### Source data
***
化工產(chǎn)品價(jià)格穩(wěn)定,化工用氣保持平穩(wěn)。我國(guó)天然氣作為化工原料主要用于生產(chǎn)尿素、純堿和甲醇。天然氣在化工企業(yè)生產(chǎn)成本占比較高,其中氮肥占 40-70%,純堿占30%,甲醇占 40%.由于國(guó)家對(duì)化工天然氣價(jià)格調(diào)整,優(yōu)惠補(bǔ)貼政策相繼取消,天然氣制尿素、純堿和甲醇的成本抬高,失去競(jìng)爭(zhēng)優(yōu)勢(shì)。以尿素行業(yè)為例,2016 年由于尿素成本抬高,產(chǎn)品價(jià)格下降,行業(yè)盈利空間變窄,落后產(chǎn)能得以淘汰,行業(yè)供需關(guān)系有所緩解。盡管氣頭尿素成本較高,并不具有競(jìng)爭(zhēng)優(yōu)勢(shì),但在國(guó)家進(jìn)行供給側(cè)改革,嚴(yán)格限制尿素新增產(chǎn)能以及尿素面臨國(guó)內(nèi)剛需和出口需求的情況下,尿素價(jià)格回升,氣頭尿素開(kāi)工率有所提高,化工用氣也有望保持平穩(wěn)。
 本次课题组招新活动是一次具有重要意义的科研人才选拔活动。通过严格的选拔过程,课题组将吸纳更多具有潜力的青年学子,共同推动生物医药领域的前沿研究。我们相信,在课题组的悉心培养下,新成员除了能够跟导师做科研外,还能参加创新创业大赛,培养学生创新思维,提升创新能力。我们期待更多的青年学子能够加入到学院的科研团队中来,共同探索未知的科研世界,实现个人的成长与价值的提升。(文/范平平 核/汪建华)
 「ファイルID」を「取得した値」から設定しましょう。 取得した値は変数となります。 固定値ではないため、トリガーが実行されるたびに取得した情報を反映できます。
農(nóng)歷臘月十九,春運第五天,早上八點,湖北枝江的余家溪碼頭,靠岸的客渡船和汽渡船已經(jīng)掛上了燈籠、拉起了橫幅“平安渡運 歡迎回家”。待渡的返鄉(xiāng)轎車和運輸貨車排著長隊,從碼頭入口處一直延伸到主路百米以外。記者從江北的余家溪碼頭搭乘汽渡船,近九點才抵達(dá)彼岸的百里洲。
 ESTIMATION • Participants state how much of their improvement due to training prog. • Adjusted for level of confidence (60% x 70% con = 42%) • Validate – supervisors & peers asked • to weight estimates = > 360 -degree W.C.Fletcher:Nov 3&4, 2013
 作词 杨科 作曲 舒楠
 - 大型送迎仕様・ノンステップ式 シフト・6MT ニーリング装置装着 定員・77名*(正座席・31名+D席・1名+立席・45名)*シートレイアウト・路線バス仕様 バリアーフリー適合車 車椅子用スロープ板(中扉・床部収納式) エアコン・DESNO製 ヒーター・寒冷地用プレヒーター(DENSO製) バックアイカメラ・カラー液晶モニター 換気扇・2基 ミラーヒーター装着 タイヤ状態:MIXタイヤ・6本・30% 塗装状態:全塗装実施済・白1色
***
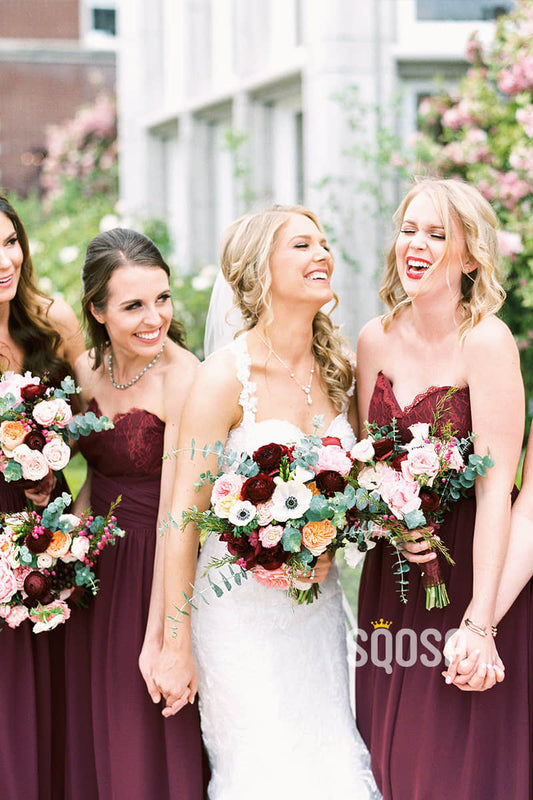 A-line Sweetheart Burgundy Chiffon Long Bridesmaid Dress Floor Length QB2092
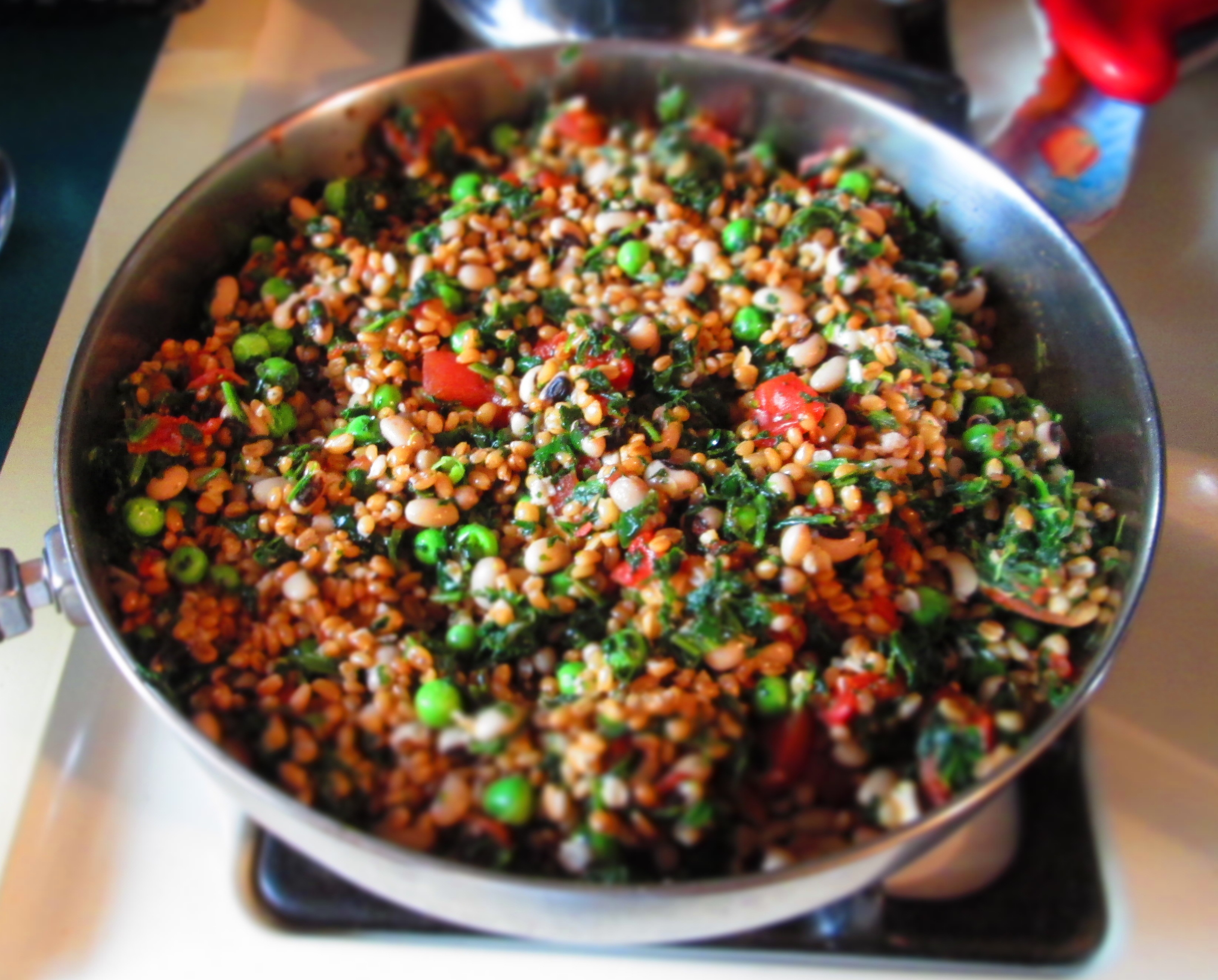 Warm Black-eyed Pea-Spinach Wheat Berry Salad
***
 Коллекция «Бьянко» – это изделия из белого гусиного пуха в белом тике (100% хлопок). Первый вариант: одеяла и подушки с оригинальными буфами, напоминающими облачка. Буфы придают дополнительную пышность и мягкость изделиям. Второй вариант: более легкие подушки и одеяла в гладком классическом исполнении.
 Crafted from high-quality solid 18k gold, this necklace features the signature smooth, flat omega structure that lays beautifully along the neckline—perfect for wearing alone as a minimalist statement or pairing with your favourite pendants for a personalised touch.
***
### What you should do
Once you reach the line with "本次课题组招新活动是一次具有" in the data above, copy it and every line after it exactly, up to and including the line with "- 大型送迎仕様・ノンステップ式 シフト・6MT".

### Exercise solution
 本次课题组招新活动是一次具有重要意义的科研人才选拔活动。通过严格的选拔过程,课题组将吸纳更多具有潜力的青年学子,共同推动生物医药领域的前沿研究。我们相信,在课题组的悉心培养下,新成员除了能够跟导师做科研外,还能参加创新创业大赛,培养学生创新思维,提升创新能力。我们期待更多的青年学子能够加入到学院的科研团队中来,共同探索未知的科研世界,实现个人的成长与价值的提升。(文/范平平 核/汪建华)
 「ファイルID」を「取得した値」から設定しましょう。 取得した値は変数となります。 固定値ではないため、トリガーが実行されるたびに取得した情報を反映できます。
農(nóng)歷臘月十九,春運第五天,早上八點,湖北枝江的余家溪碼頭,靠岸的客渡船和汽渡船已經(jīng)掛上了燈籠、拉起了橫幅“平安渡運 歡迎回家”。待渡的返鄉(xiāng)轎車和運輸貨車排著長隊,從碼頭入口處一直延伸到主路百米以外。記者從江北的余家溪碼頭搭乘汽渡船,近九點才抵達(dá)彼岸的百里洲。
 ESTIMATION • Participants state how much of their improvement due to training prog. • Adjusted for level of confidence (60% x 70% con = 42%) • Validate – supervisors & peers asked • to weight estimates = > 360 -degree W.C.Fletcher:Nov 3&4, 2013
 作词 杨科 作曲 舒楠
 - 大型送迎仕様・ノンステップ式 シフト・6MT ニーリング装置装着 定員・77名*(正座席・31名+D席・1名+立席・45名)*シートレイアウト・路線バス仕様 バリアーフリー適合車 車椅子用スロープ板(中扉・床部収納式) エアコン・DESNO製 ヒーター・寒冷地用プレヒーター(DENSO製) バックアイカメラ・カラー液晶モニター 換気扇・2基 ミラーヒーター装着 タイヤ状態:MIXタイヤ・6本・30% 塗装状態:全塗装実施済・白1色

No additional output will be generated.